**Data in this exercise**.
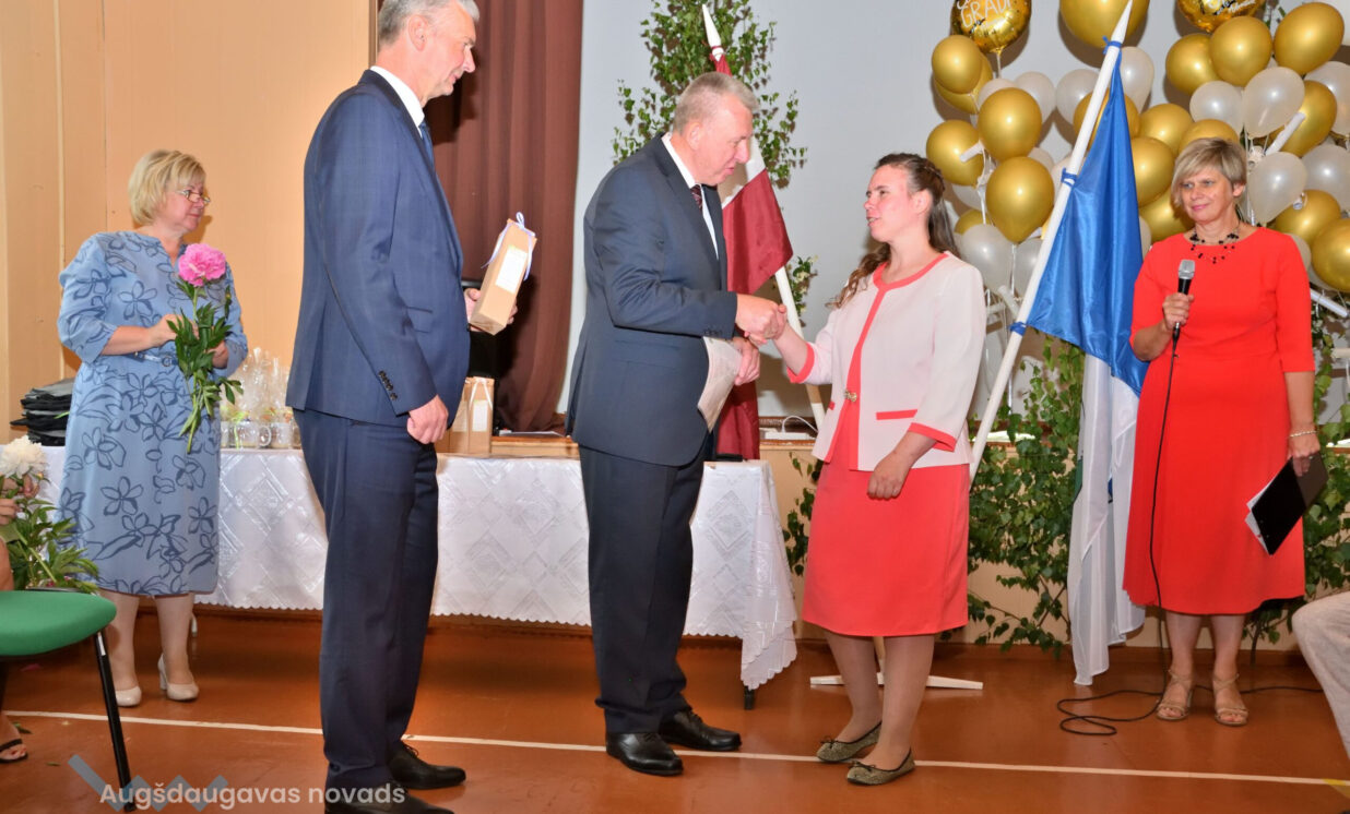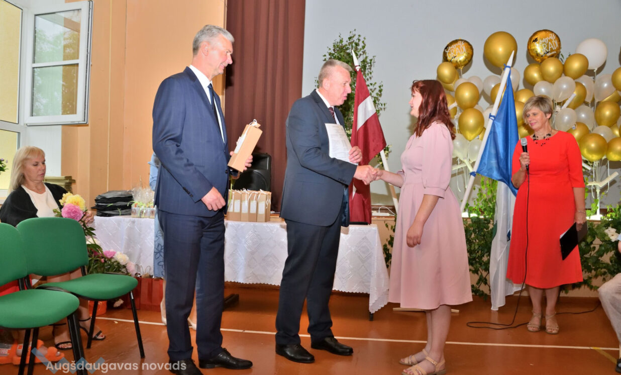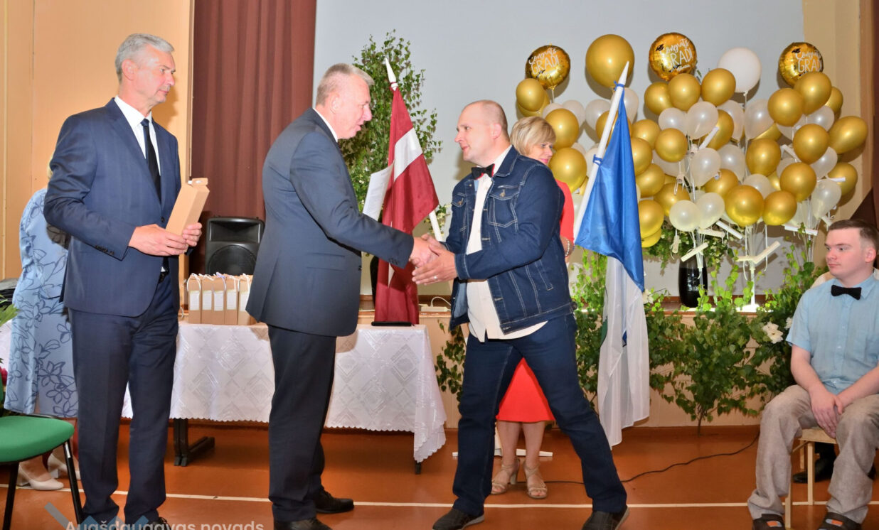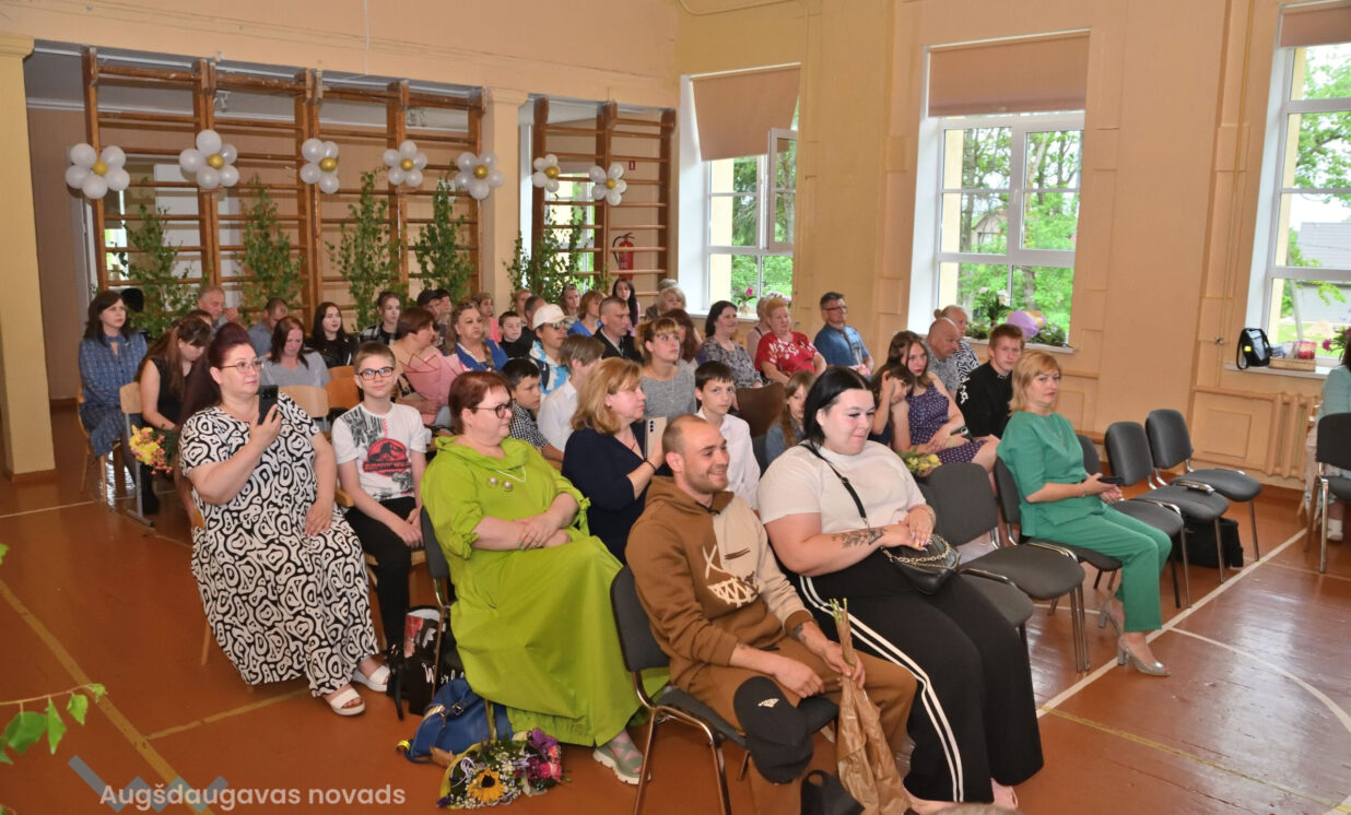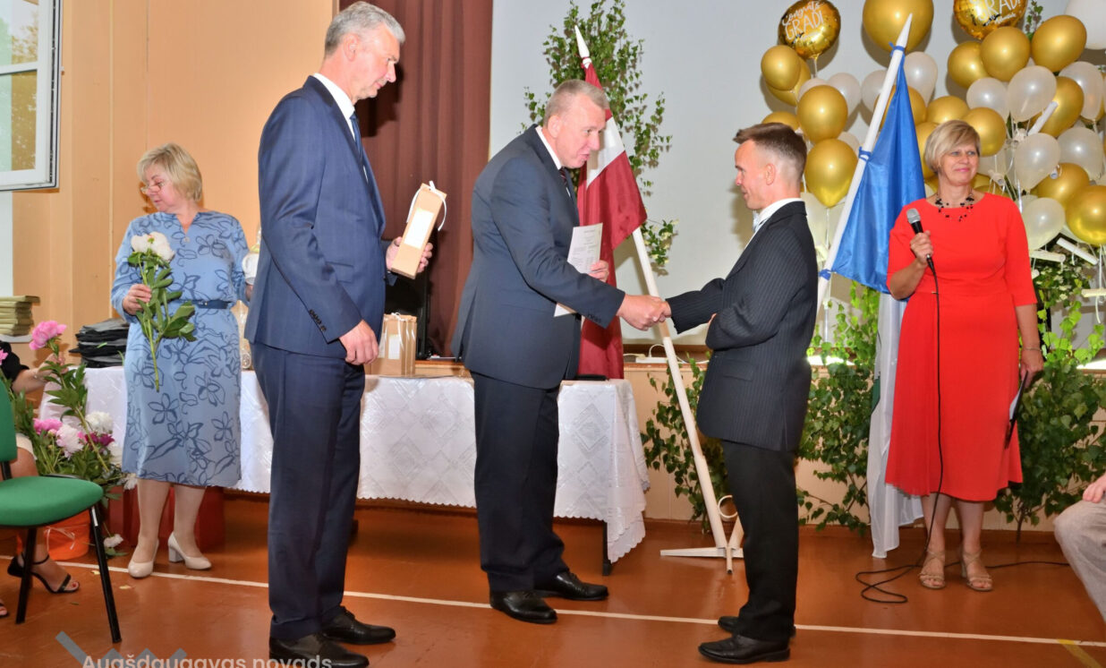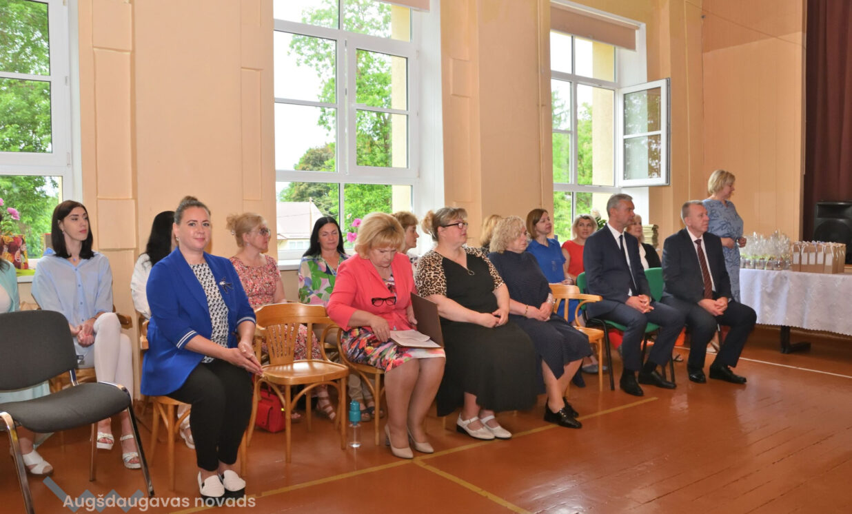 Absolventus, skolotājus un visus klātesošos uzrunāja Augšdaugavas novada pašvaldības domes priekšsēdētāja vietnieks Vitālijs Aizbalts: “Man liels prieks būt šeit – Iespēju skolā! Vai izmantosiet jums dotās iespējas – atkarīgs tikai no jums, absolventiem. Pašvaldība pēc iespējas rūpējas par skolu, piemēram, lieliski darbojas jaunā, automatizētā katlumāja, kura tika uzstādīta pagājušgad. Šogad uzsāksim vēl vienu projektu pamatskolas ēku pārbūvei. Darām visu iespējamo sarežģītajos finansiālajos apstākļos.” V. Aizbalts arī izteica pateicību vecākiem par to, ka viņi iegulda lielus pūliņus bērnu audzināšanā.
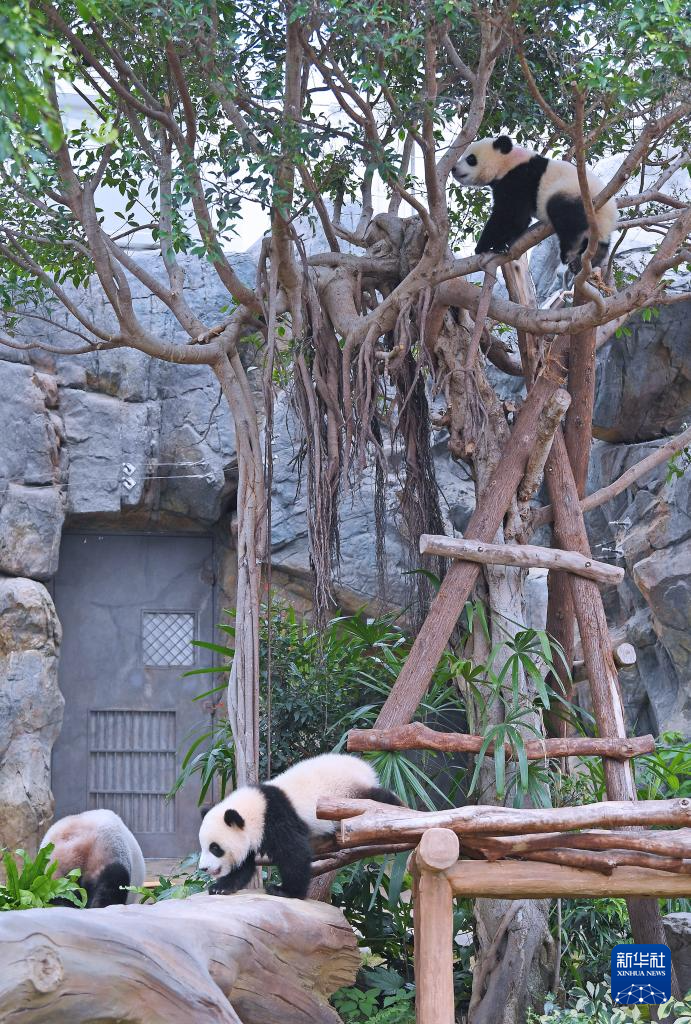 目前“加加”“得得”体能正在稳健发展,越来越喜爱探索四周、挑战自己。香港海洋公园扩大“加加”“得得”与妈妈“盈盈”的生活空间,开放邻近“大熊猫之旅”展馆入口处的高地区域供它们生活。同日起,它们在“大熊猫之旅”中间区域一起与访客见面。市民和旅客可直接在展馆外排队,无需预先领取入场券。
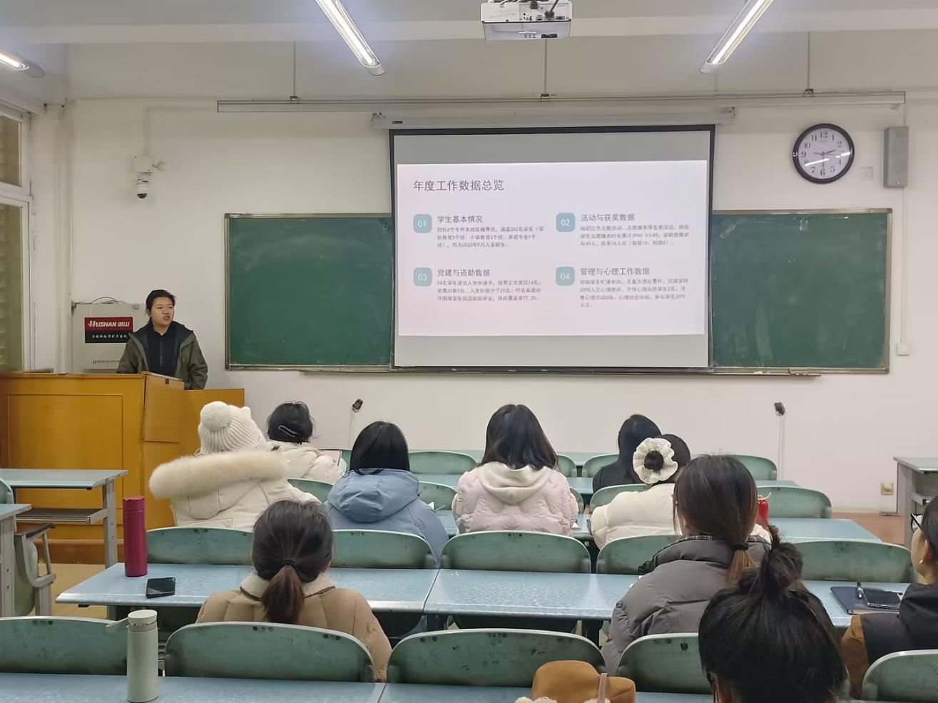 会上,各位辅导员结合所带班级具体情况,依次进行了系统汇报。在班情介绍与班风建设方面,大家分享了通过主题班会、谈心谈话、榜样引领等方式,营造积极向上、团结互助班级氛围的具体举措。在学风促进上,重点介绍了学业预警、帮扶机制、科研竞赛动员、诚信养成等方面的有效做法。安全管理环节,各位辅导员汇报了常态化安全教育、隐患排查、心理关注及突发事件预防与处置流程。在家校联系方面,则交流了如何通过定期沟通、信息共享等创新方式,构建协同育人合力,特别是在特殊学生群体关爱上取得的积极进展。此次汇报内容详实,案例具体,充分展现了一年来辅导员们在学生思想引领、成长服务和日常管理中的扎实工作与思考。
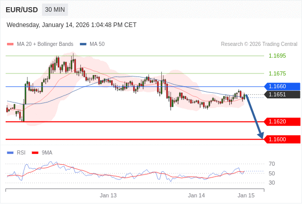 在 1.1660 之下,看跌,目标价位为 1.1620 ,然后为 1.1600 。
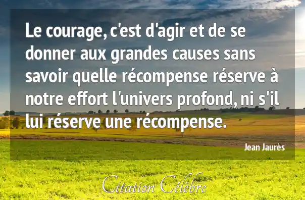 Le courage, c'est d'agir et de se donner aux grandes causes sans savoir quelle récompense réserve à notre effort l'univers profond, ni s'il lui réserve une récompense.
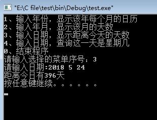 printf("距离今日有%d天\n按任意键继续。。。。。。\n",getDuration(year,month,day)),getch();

**Directions**. Exactly the lines from the one holding "Le courage, c'est" to the last line of the records above should be duplicated, with no pictures among them.

**Task result**.
 Le courage, c'est d'agir et de se donner aux grandes causes sans savoir quelle récompense réserve à notre effort l'univers profond, ni s'il lui réserve une récompense.
 printf("距离今日有%d天\n按任意键继续。。。。。。\n",getDuration(year,month,day)),getch();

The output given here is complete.